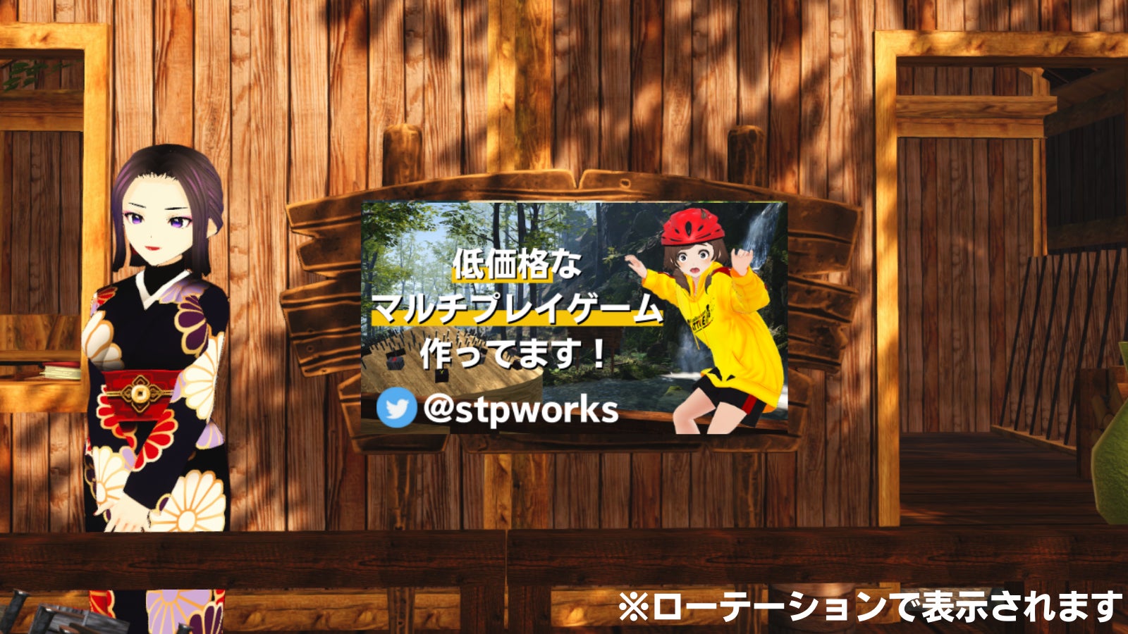 ゲーム内の案内看板のバナーやテキスト広告枠では、このようにご自身のSNSアカウントの宣伝も可能となっています!
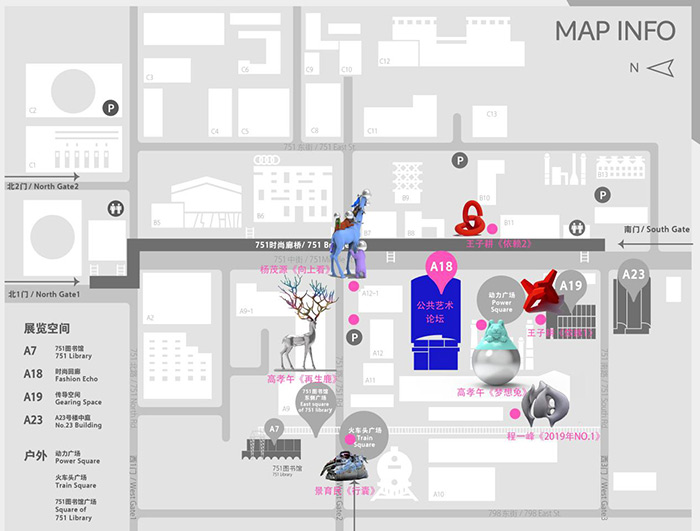 作為751國際設計節六大版塊之一,“駐足?筑景公共藝術展”邀請了5位著名藝術家景育民、楊茂源、王子耕、高孝午、程一峰參展。他們的作品為751園區打造出?道獨特的?景線,引來眾多觀眾前來打卡。
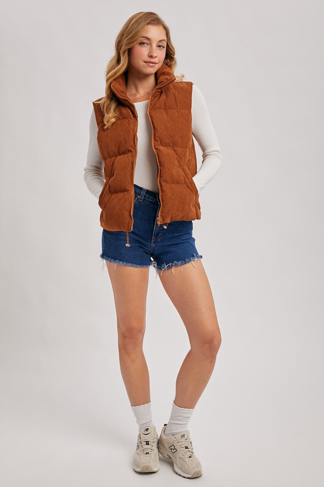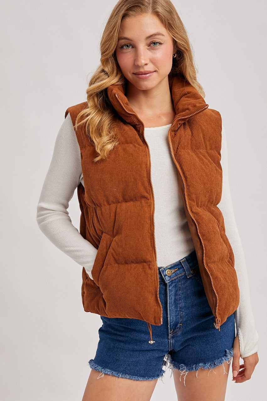 Stay cozy and cool with this Corduroy Puffer Vest! Its soft, quilted corduroy texture adds a fun twist to any outfit, while the zipper front keeps things easy and practical. Sleeveless for perfect layering, it’s your go-to for adding just the right amount of warmth without weighing you down. Ready to cuddle up in style? This vest’s got you covered!

*Requirement*: Go through the material above and repeat it exactly. Omit the pictures.

*Solved exercise*:
 ゲーム内の案内看板のバナーやテキスト広告枠では、このようにご自身のSNSアカウントの宣伝も可能となっています!
 作為751國際設計節六大版塊之一,“駐足?筑景公共藝術展”邀請了5位著名藝術家景育民、楊茂源、王子耕、高孝午、程一峰參展。他們的作品為751園區打造出?道獨特的?景線,引來眾多觀眾前來打卡。
 Stay cozy and cool with this Corduroy Puffer Vest! Its soft, quilted corduroy texture adds a fun twist to any outfit, while the zipper front keeps things easy and practical. Sleeveless for perfect layering, it’s your go-to for adding just the right amount of warmth without weighing you down. Ready to cuddle up in style? This vest’s got you covered!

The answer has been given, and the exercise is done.